#### [Dataset entries]
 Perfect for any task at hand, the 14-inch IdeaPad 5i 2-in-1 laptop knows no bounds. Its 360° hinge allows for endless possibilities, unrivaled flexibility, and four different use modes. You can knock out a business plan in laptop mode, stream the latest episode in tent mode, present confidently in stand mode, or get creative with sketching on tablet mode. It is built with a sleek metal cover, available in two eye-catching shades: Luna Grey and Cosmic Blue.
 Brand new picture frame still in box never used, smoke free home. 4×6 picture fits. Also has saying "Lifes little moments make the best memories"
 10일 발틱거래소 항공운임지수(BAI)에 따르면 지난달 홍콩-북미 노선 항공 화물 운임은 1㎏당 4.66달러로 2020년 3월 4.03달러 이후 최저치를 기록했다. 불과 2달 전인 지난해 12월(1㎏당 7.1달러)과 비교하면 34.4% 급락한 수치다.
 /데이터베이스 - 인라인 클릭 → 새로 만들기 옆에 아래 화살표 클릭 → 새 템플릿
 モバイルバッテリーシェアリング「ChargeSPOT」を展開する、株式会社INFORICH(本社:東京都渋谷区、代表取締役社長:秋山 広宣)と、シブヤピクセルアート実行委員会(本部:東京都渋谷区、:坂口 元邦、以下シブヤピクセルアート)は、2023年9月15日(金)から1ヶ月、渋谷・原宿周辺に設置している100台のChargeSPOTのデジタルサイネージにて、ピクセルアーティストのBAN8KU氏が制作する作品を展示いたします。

...

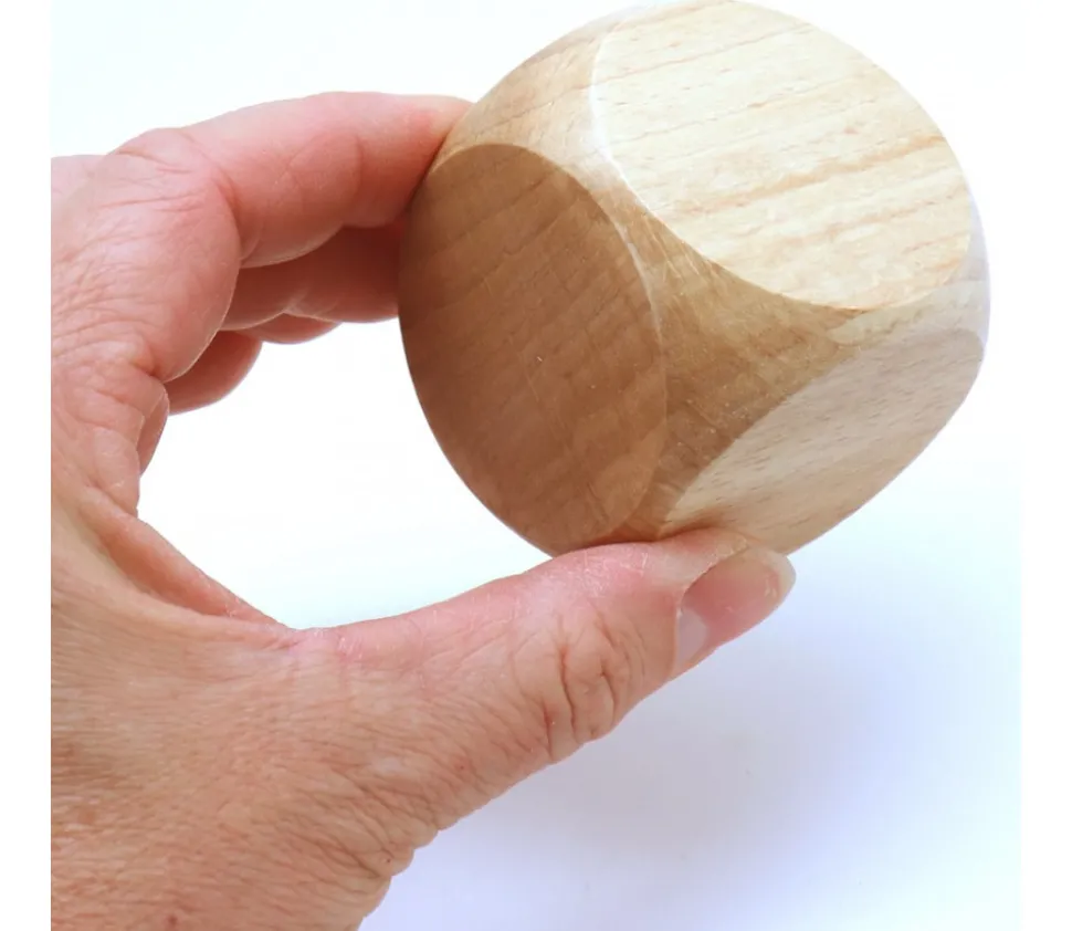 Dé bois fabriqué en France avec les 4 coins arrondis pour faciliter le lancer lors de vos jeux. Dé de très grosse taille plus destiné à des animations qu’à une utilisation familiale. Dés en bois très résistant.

#### [Assignment]
Taking the entries above, restate exactly those lines that fall between the line with "Perfect for any" and the line with "Brand new picture", keeping both of those lines too.

#### [Worked solution]
 Perfect for any task at hand, the 14-inch IdeaPad 5i 2-in-1 laptop knows no bounds. Its 360° hinge allows for endless possibilities, unrivaled flexibility, and four different use modes. You can knock out a business plan in laptop mode, stream the latest episode in tent mode, present confidently in stand mode, or get creative with sketching on tablet mode. It is built with a sleek metal cover, available in two eye-catching shades: Luna Grey and Cosmic Blue.
 Brand new picture frame still in box never used, smoke free home. 4×6 picture fits. Also has saying "Lifes little moments make the best memories"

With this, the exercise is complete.